Nach über drei Jahren hatte sich auf Higher Barton alles eingespielt. Sandra stand ein hervorragendes und treues Team zur Seite. Manchmal schien es, als würden sich die Mitarbeiter auch ohne Worte verstehen. Eliza Dexter hatte die Buchungen und Finanzen fest im Griff, der Zimmerservice lief ebenso reibungslos wie das Restaurant, und in den letzten Wochen hatte es nicht einmal einen Disput mit Monsieur Peintré gegeben. Der hervorragende, extrem exzentrische belgische Koch war strikt gegen Veränderungen, die – seiner Ansicht nach – seine Kreativität negativ beeinflussten. Peintré ließ sich von niemandem über die Schulter schauen, selbst seine Hilfe Rosa kannte nur die Ansätze der Rezepte. Edouard Peintrés ungeklärter Aufenthaltsstatus hatte ihn wohl etwas zahmer gemacht, wie Eliza es ausdrückte.
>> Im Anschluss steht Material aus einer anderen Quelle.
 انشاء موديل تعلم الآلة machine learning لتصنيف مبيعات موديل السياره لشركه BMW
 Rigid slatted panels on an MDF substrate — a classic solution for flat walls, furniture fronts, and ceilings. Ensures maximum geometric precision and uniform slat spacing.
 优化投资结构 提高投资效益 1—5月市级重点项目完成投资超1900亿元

Sandra war weit davon entfernt, sich überflüssig zu fühlen, dachte aber manchmal, dass der Hotelbetrieb auch ohne sie wie am Schnürchen lief.
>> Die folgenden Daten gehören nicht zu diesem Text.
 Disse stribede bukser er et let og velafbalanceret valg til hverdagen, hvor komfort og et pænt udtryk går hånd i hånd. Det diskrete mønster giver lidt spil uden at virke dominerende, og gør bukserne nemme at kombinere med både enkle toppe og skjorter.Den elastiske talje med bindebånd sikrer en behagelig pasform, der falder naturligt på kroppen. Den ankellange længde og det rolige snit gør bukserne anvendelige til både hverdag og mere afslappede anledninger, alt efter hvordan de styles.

»Sei doch froh«, hatte ihre Freundin Ann-Kathrin gesagt, nachdem Sandra angedeutet hatte, dass ihr manchmal langweilig war. »Du hast dir Freizeit mehr als verdient, und du hast einen wundervollen Mann an deiner Seite, mit dem du jeden Augenblick genießen solltest.« Sie hatte geseufzt. »Ich wünschte, Alan hätte etwas weniger zu tun und könnte mehr zu Hause sein. Wenn Demi drei Jahre alt ist und in die Vorschule gehen kann, werde ich wieder als Lehrerin arbeiten.«
Sandras Freundin, die Frau des erfolgreichsten Anwalts in Cornwall, war zwar leidenschaftlich gern Mutter, aber ebenso wie Sandra nicht der Typ, der die Hände untätig in den Schoß legte.
Dies alles führte dazu, dass Sandra den Gedanken an Creeda Pengelly und die angebliche Bedrohung ihres Lebens nicht aus dem Kopf bekam. Sie konnte sich ja mal diskret in Looe nach ihr erkundigen, dort war die Long-Rock-Farm bestimmt bekannt. Sie glaubte nicht, dass Creedas Leben ernsthaft in Gefahr war, vielleicht fand sie aber einen Weg, um der Farmerin die Angst zu nehmen.